--- Input ---
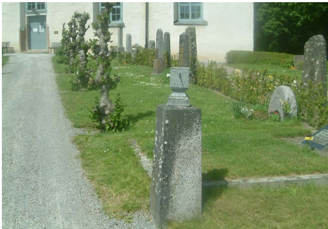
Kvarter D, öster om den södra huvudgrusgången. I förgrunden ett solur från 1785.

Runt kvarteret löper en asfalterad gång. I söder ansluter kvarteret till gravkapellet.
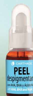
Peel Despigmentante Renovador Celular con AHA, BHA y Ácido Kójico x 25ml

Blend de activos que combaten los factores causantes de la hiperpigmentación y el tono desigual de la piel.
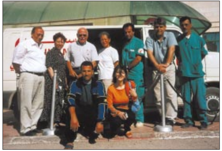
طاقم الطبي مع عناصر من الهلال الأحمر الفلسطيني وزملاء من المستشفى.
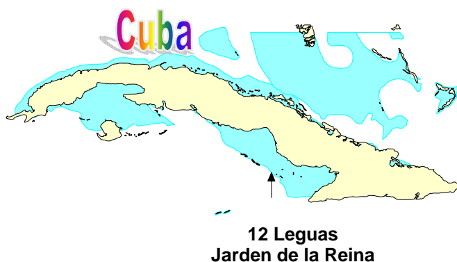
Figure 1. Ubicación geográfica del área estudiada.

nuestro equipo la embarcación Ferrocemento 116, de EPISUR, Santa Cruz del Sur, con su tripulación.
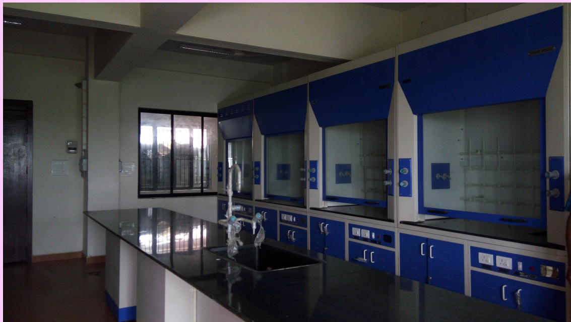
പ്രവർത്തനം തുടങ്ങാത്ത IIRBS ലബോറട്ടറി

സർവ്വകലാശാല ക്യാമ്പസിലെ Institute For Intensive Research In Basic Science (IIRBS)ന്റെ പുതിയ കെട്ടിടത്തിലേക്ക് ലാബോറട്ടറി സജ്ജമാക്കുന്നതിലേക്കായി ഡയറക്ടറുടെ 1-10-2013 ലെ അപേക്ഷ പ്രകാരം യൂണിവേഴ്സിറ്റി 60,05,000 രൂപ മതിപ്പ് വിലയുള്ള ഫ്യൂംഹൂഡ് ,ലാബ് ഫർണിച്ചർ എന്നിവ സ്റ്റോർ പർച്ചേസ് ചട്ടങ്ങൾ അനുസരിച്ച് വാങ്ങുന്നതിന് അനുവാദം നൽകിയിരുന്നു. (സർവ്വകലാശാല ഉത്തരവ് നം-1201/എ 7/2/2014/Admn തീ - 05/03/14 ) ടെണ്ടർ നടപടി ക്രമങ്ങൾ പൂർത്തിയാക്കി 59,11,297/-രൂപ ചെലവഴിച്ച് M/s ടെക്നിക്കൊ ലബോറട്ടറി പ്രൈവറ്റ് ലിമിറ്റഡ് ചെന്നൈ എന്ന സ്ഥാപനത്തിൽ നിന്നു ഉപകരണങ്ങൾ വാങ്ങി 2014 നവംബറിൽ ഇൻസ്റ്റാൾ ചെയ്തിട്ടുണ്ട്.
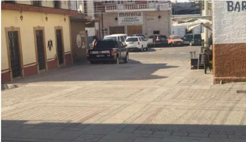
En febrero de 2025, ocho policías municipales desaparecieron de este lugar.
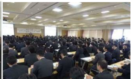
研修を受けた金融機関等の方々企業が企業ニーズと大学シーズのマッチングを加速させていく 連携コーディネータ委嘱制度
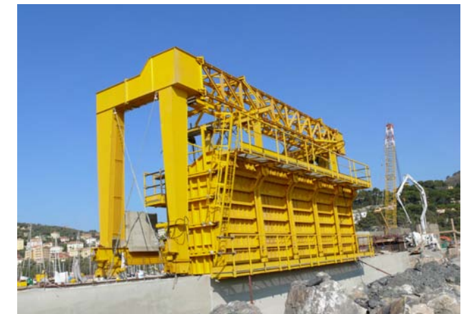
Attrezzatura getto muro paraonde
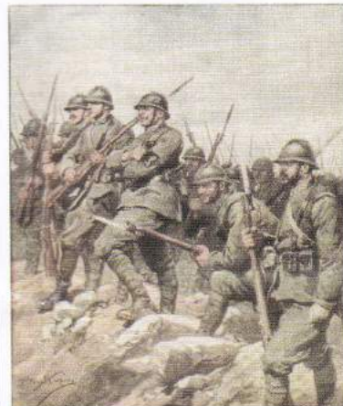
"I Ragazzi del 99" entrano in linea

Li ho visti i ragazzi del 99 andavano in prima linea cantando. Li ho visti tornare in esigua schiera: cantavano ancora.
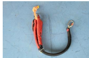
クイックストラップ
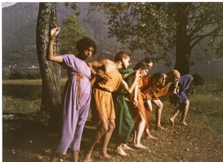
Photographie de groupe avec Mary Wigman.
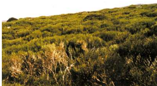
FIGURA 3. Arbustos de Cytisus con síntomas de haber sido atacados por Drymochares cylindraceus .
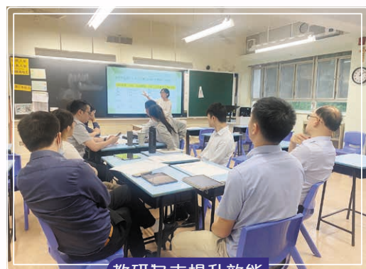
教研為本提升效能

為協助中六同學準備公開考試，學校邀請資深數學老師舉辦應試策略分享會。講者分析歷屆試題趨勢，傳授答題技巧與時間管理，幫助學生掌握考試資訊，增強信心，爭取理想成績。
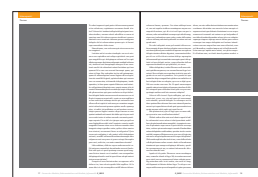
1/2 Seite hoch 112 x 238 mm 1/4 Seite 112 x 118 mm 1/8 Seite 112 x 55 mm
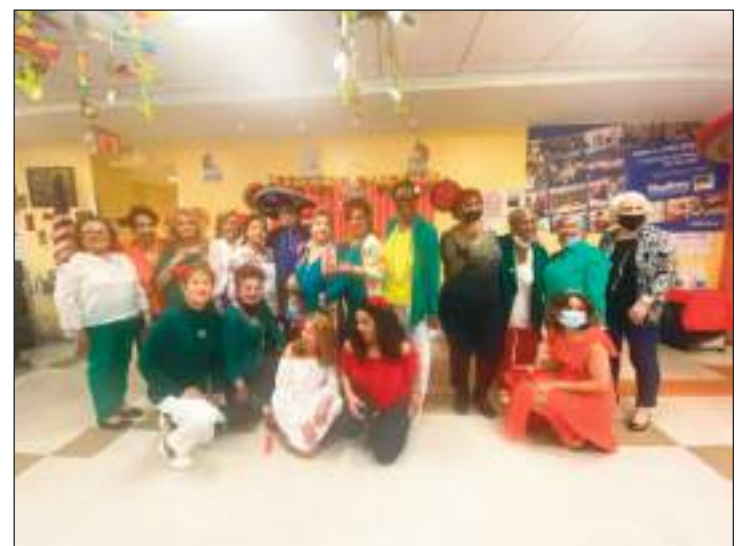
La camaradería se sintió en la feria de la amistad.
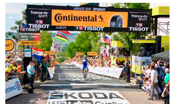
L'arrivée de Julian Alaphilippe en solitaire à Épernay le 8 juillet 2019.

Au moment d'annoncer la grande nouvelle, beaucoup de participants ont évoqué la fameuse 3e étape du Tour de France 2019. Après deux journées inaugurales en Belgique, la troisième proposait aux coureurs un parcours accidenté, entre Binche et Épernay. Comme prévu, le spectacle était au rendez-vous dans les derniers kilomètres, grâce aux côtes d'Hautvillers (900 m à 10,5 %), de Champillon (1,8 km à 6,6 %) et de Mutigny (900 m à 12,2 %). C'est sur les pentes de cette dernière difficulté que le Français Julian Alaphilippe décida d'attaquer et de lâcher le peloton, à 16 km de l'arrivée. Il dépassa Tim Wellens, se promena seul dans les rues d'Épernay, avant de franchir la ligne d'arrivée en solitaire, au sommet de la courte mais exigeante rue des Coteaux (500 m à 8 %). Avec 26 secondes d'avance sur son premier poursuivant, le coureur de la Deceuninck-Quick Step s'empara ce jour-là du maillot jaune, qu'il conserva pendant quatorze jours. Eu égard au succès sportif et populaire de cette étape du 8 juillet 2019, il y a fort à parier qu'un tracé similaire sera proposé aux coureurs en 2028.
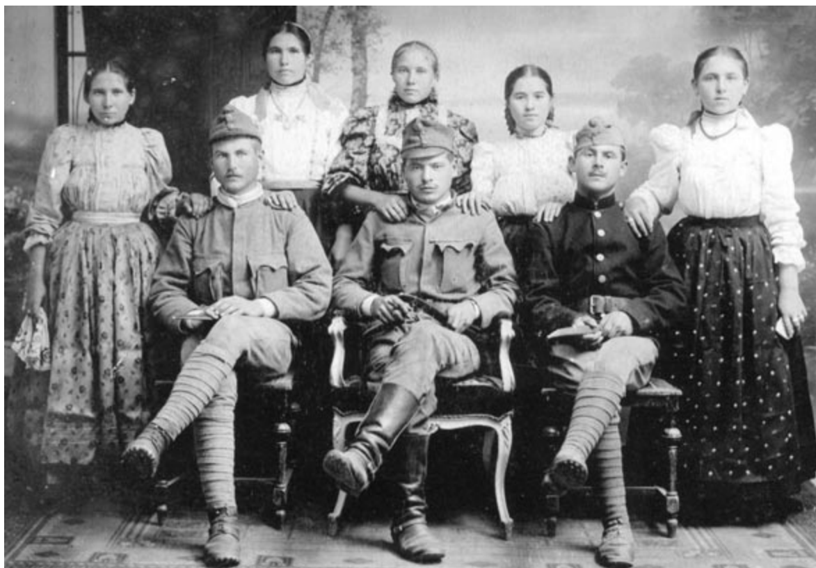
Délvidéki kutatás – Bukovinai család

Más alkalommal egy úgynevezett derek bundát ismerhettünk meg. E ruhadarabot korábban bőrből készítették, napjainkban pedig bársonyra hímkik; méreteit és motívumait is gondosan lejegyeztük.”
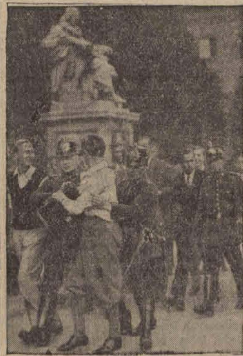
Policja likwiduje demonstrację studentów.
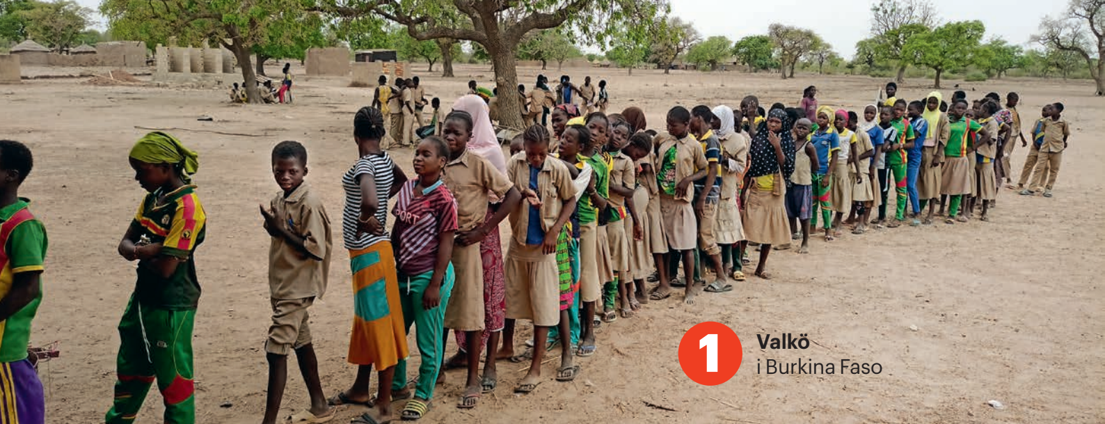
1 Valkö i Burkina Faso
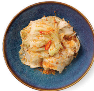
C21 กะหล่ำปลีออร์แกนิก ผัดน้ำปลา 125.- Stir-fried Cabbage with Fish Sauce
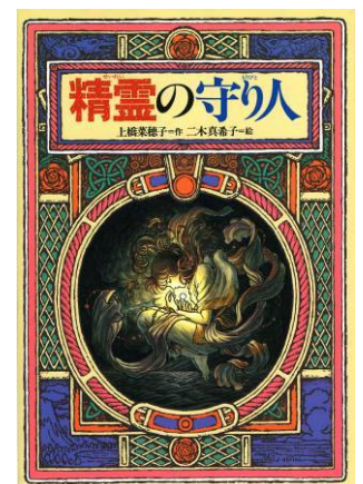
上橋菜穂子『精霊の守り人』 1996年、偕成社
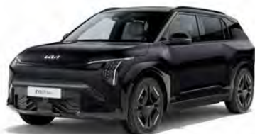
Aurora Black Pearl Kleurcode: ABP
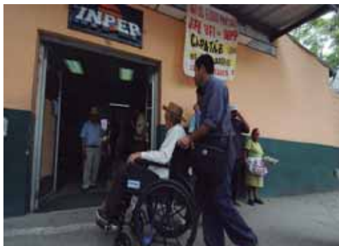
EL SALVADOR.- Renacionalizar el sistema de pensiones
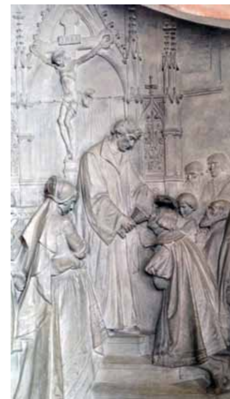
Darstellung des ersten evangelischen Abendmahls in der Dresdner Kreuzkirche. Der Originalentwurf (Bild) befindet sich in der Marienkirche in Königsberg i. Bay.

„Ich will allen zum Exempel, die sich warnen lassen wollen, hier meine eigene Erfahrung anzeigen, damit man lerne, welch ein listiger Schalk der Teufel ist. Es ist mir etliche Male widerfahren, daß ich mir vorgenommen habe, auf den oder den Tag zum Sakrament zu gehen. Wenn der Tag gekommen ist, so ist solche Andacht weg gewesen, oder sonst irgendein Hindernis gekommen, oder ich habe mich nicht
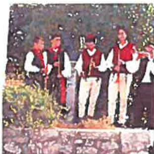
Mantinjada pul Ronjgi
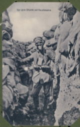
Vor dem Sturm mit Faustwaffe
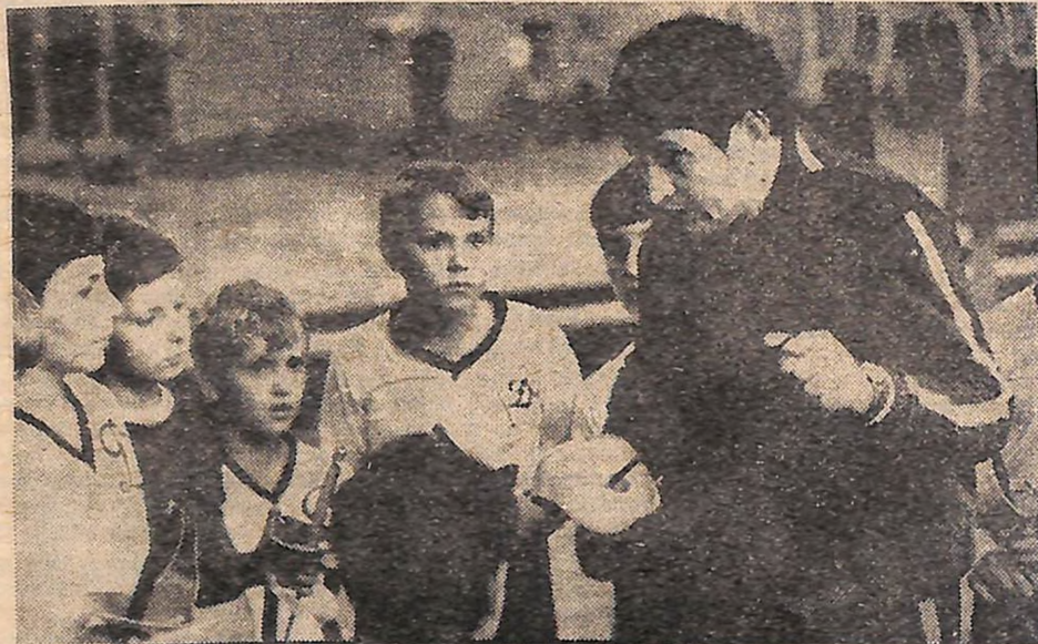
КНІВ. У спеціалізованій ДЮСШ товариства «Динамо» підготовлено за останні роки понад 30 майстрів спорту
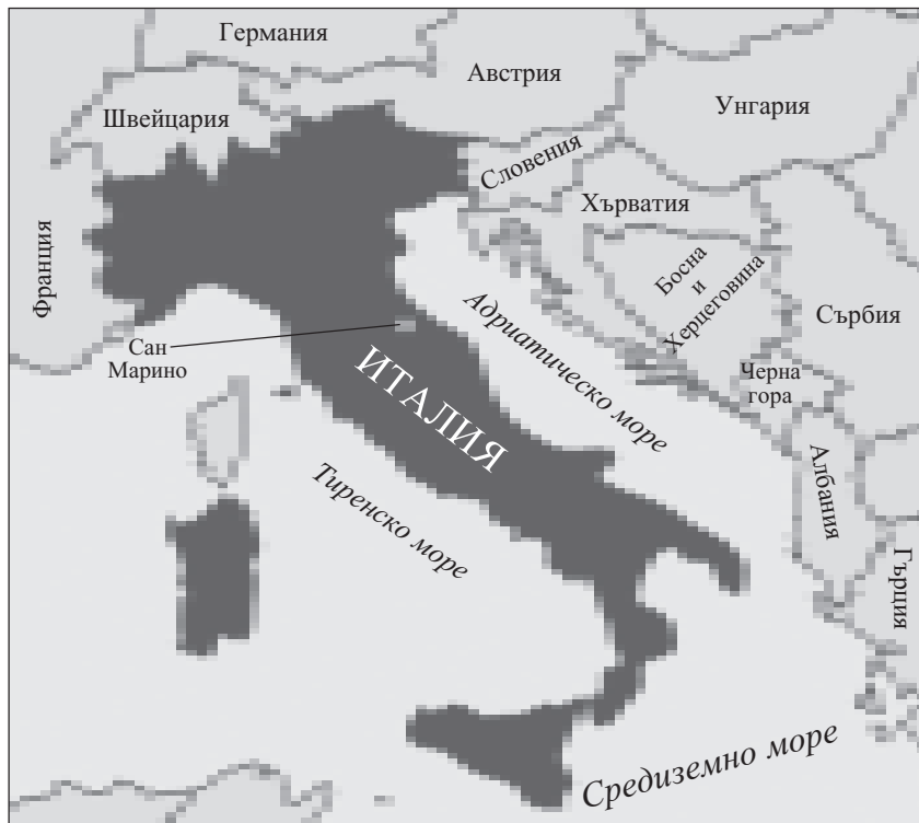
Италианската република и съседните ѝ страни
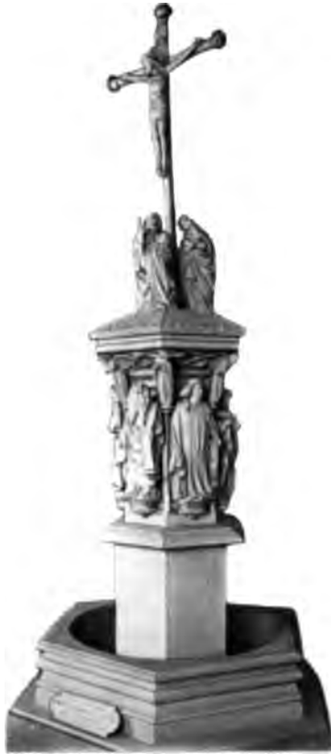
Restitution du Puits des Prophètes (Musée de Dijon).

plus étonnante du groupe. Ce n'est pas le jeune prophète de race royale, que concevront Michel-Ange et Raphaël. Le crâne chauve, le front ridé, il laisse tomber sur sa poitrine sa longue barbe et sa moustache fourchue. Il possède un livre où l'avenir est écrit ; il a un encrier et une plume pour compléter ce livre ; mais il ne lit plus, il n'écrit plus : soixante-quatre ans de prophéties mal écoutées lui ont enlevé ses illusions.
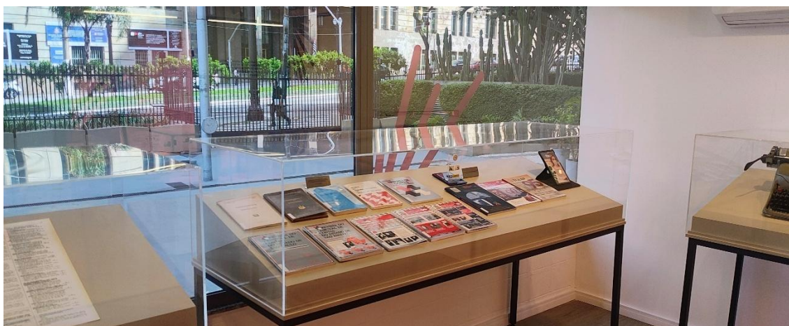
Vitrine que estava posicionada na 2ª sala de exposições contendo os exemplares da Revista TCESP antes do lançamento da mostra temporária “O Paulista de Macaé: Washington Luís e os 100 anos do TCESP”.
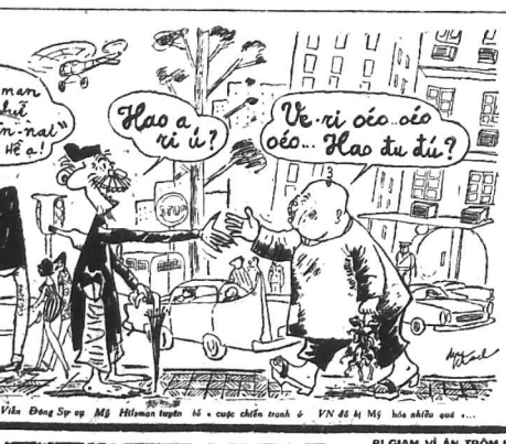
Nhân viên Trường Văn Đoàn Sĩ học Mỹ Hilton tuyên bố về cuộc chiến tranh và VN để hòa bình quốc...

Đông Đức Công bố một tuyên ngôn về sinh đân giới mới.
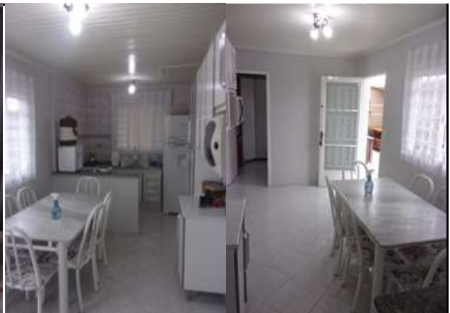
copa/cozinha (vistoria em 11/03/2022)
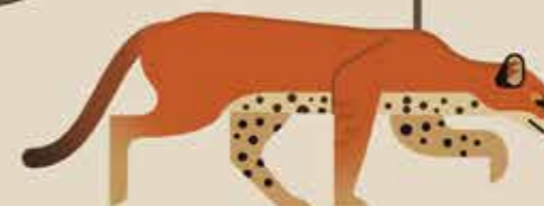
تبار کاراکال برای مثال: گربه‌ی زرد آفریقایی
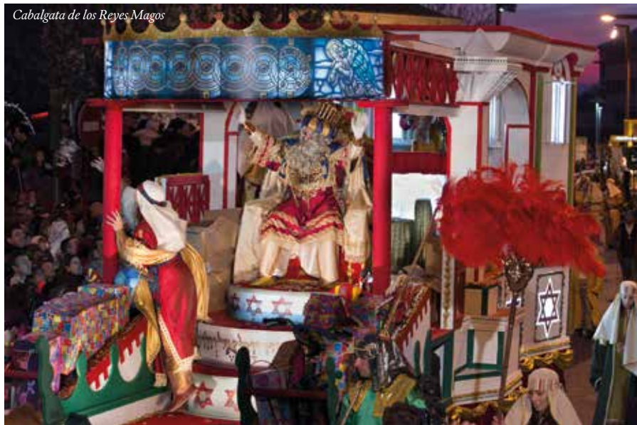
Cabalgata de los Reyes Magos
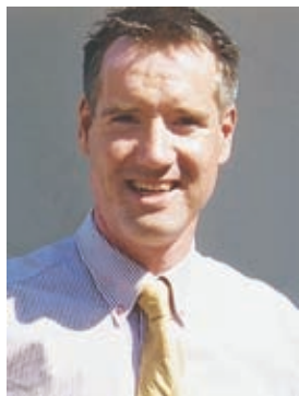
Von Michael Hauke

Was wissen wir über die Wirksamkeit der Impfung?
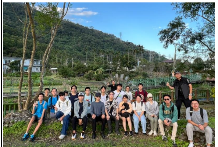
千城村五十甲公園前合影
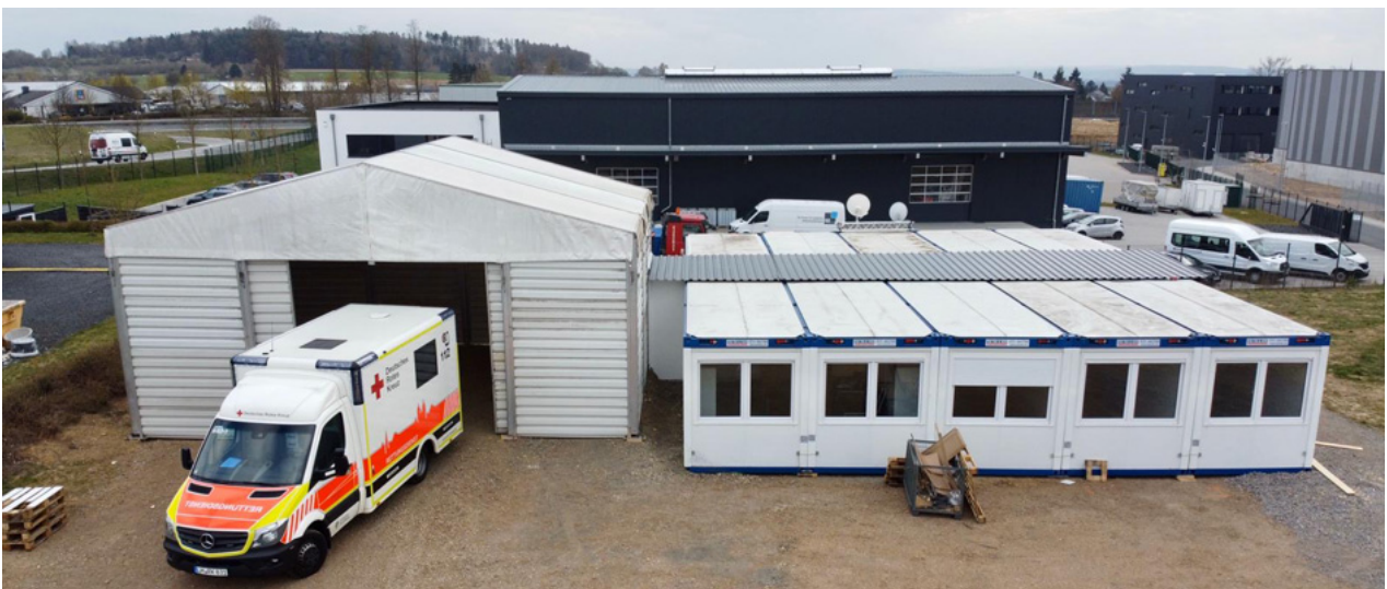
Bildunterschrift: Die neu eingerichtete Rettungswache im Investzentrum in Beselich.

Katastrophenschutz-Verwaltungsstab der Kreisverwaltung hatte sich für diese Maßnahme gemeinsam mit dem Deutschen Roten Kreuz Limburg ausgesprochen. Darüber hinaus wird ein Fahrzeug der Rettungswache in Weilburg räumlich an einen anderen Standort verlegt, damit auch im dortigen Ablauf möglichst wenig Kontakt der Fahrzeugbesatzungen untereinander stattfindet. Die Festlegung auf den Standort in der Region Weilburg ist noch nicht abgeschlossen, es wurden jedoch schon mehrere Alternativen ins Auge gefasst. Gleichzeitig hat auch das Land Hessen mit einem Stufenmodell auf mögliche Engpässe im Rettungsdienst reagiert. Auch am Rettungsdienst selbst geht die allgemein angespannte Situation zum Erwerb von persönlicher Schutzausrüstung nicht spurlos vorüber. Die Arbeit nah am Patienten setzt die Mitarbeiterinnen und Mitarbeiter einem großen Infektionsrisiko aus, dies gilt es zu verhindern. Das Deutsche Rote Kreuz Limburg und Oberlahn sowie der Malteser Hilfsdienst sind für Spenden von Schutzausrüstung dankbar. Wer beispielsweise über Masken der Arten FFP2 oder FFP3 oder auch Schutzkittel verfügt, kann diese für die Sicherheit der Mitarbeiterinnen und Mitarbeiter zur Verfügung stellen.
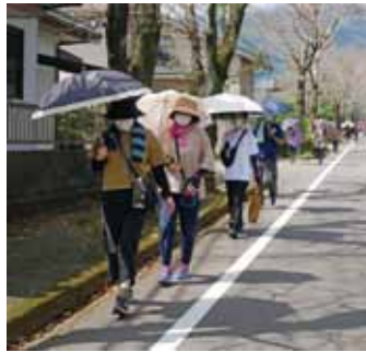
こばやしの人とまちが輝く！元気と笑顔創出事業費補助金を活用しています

--- The problem ---
Only one stretch of the listing is wanted: the lines starting at the one with "КНІВ. У спеціалізованій" and ending at the one with "Restitution du Puits", copied exactly and free of pictures.

--- Solution ---
КНІВ. У спеціалізованій ДЮСШ товариства «Динамо» підготовлено за останні роки понад 30 майстрів спорту
Италианската република и съседните ѝ страни
Restitution du Puits des Prophètes (Musée de Dijon).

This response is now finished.